◆ Task
Exactly the lines from the one with "Seules les métropoles" through the final line of the entries, and nothing else, should appear in the answer; no pictures go in it.
(Dataset content begins)
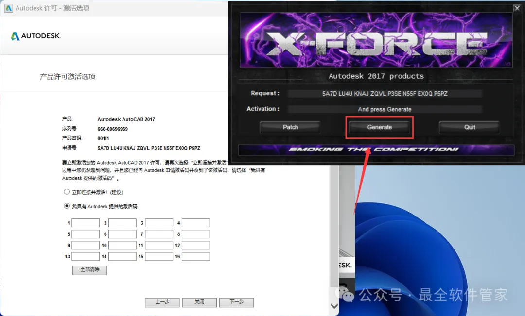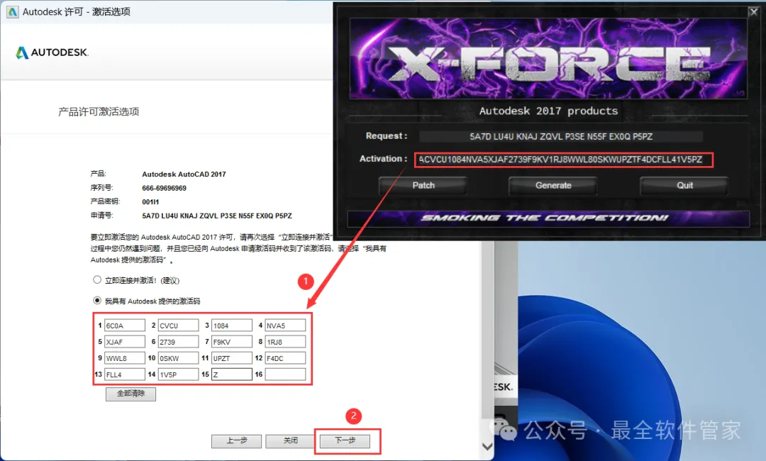 27、将程序的【Activation】填入到软件的【激活码】内,再点击【下一步】
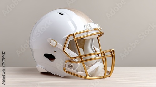 Fototapeta premium Modern Football Helmet with Gold Facemask and White Shell on Minimalist Background
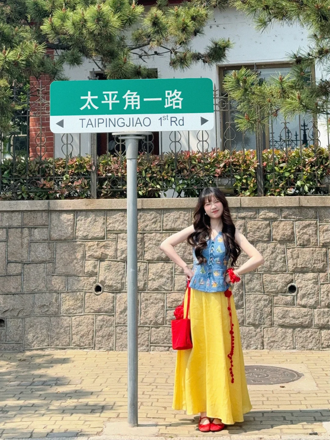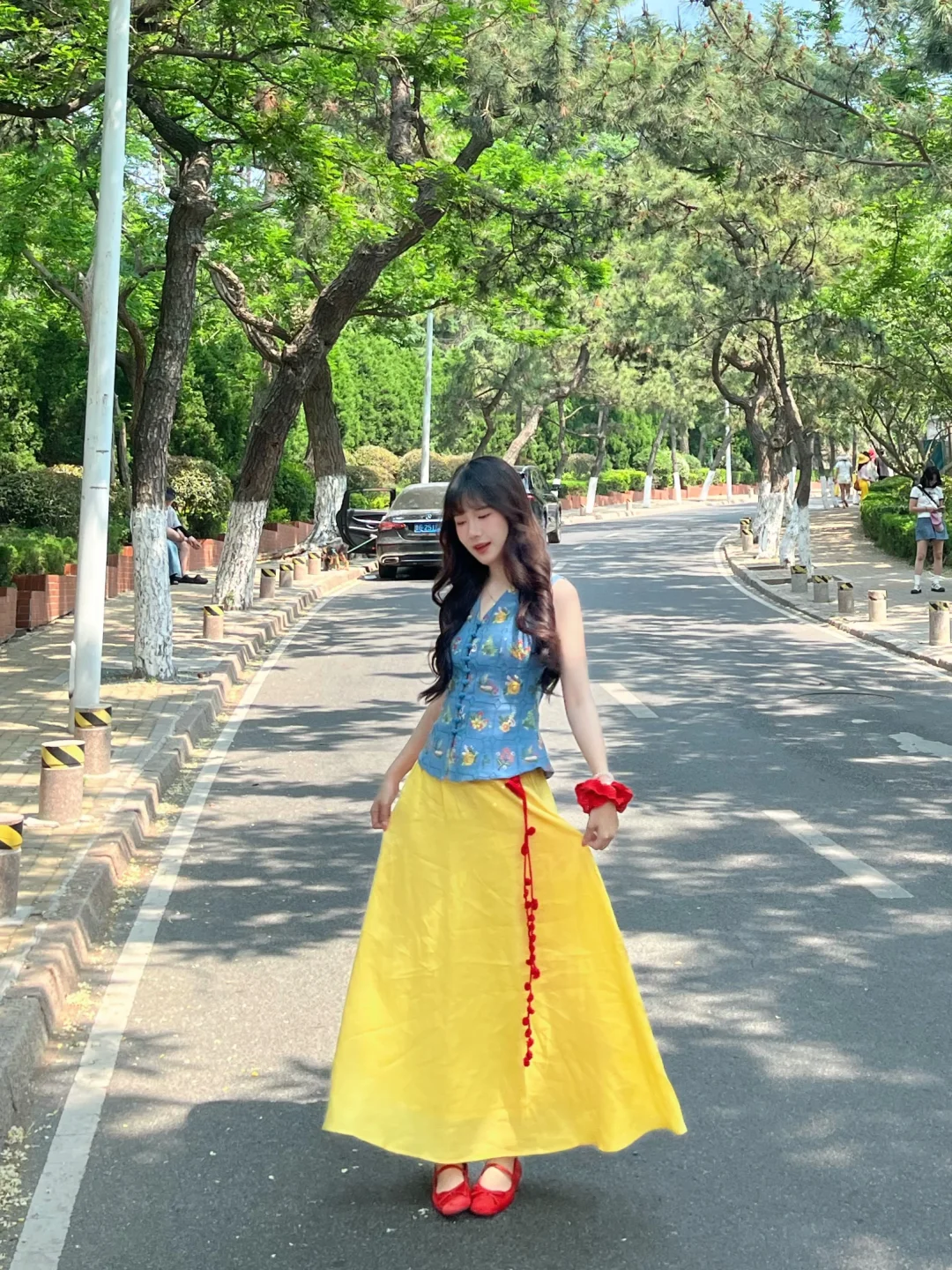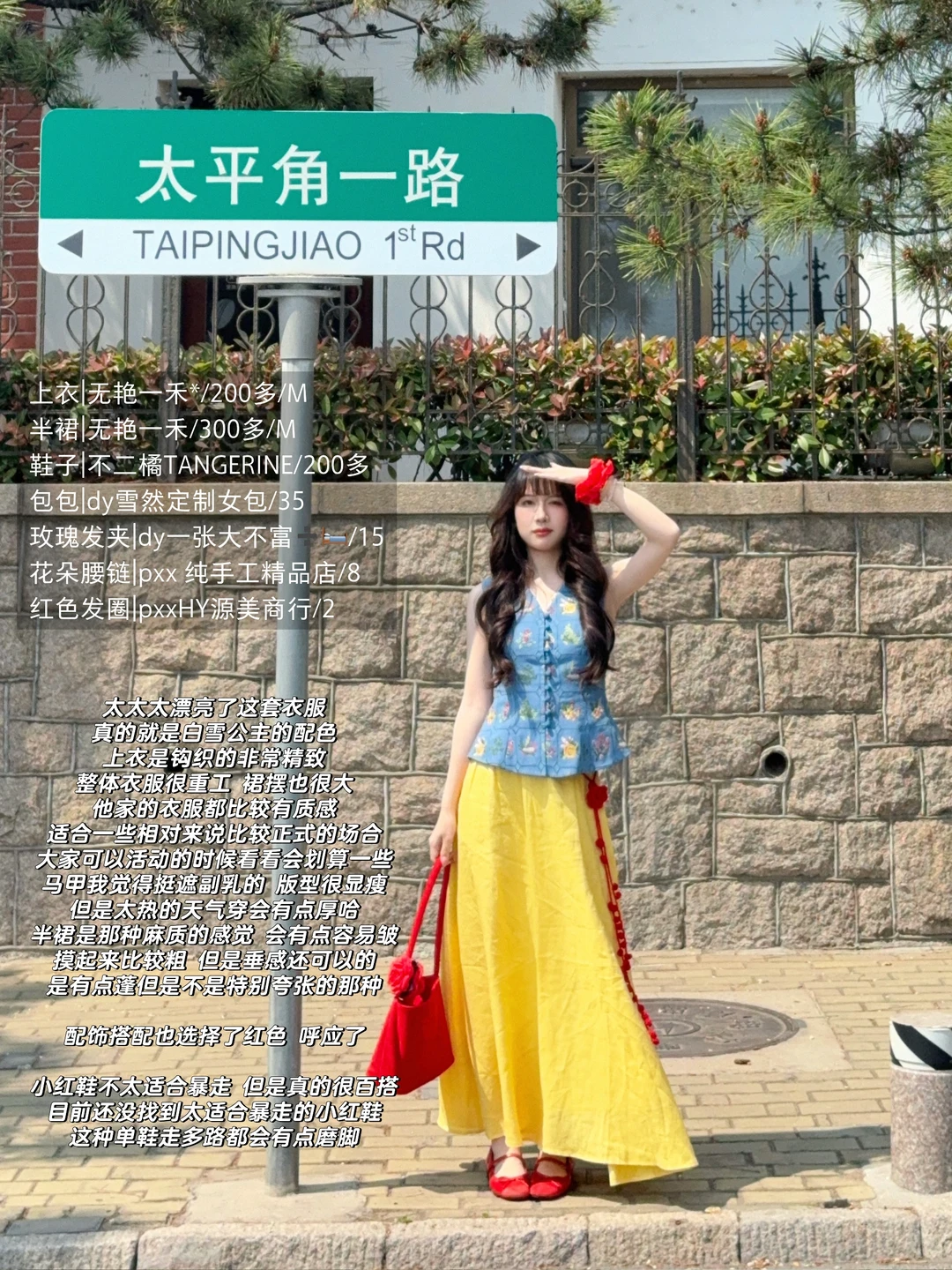 168/106左右 特别适合迪士尼的裙子!!! 完全就是白雪公主既视感 思路打开 大家穿蓝色上衣➕黄裙子➕红鞋➕红色发饰 其实也可以搭配出差不多的效果 这套衣服我感觉也很适合去南法度假 很优雅显瘦的一套 真的非常非常喜欢 官搭就很美丽 不太建议拆开来穿 如果非要分开搭配的话 裙子也可以搭配别的上衣 比如蓝色粉色白色的收腰衬衫 或者亚麻棉麻衬衫之类的 搭配一字肩或者斜肩上衣也不错 拍照地点:📍青岛八大关·太平角公园
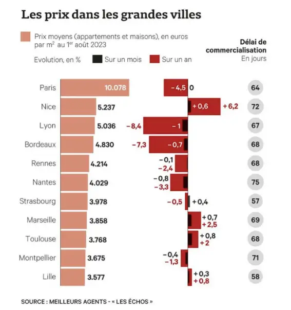 Seules les métropoles de Lille, Montpellier, et Marseille voient leurs prix continuer à croître. Dans la ville de Marseille, la croissance devrait se maintenir parce que le rattrapage des prix par rapport aux villes de même taille n’a pas encore été fait.
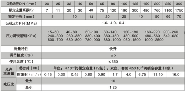 五. ZZYN自力式雙座調(diào)節(jié)閥主要技術(shù)參數(shù)和性能指標(biāo)
(Dataset content ends)
◆ Finished task
 Seules les métropoles de Lille, Montpellier, et Marseille voient leurs prix continuer à croître. Dans la ville de Marseille, la croissance devrait se maintenir parce que le rattrapage des prix par rapport aux villes de même taille n’a pas encore été fait.
 五. ZZYN自力式雙座調(diào)節(jié)閥主要技術(shù)參數(shù)和性能指標(biāo)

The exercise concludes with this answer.